According to WebHostingBuzz, users upload 300 million images to Facebook and another 40 million to Instagram daily. Meanwhile, 12 percent of online adults use Pinterest. These three sites are visual and drive huge amounts of traffic, but your content needs images if it’s going to make an impact on them.
Add images to your most highly trafficked posts, and share them on your most important social media networks.
4. Your content fails to make a connection with readers.
People have to connect with your content in some way before they’ll want to share it. It must tap into their emotions, make them laugh, or make them strongly agree or disagree. If your content doesn’t do that, then it has a case of the blahs.
Fix this by reading these posts on copywriting and content marketing to give your content some pizzazz. Pratik Dholakiya says, “If content is awesome with your users, it will be awesome on social media.”
How to troubleshoot sharing technology:
5. Your site doesn’t have social-sharing buttons.
It has happened to me many times: I read a great article and am ready to share, but then realize there isn’t a social media button on the page. Not one.
At that point, I have to be pretty committed to sharing to want to continue. And if I am committed, I have to use Buffer or go to the individual sites to share manually. Sometimes it’s too much trouble.

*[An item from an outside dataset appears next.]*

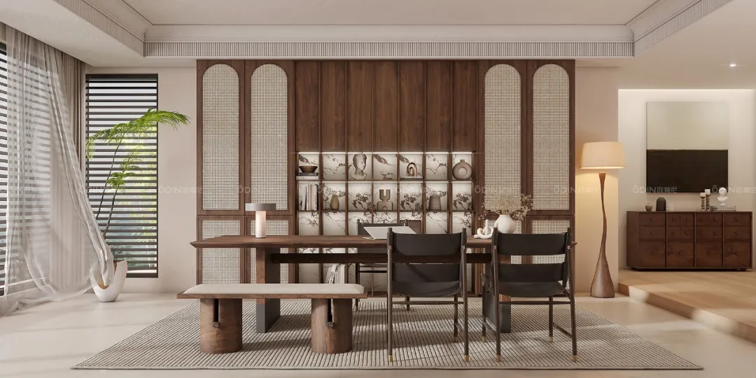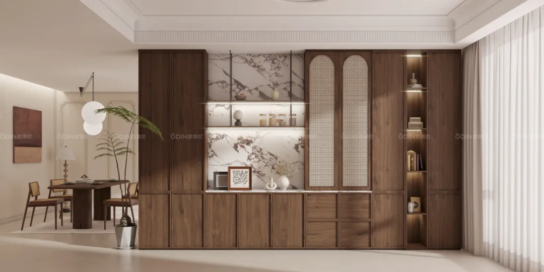 搭配經典胡桃色,讓柜體的色彩沉穩而不失高級。胡桃色的溫暖與復古,與藤編元素的自然古樸相得益彰,營造出濃厚的復古氛圍。無論是放在客廳、餐廳還是書房,都能成為一道亮麗的風景線。

If you want people to share your content, you have to make it easy. Using social-sharing WordPress plugins or social-sharing buttons is a good first step.
Of course, that doesn’t solve all your sharing problems …
6. Your settings don’t include your Twitter handle.
This is a pet peeve of mine. If you’re going to include a Twitter button or social-sharing plug-in for Twitter, make sure you put your Twitter handle in the settings.
Not only does this make it easier for you to track mentions, but it allows the people sharing your content to start a conversation with you.
When time is short, no one is going to look around your site to find your Twitter handle.
7. You didn’t check for issues with the share buttons.
Sometimes the buttons don’t work properly, like when you share a page on Facebook and it stubbornly refuses to grab the image. Sometimes the share button randomly generates a pop-up that the browser blocks. And sometimes the button comes up blank or, even worse, fills the text fields with gibberish.
Even though these issues aren’t your fault, you will pay the price. Visitors to your site won’t share content if it’s too difficult.
The fix for this is to test all your social-sharing plugins to see whether they are working as advertised. If not, change them.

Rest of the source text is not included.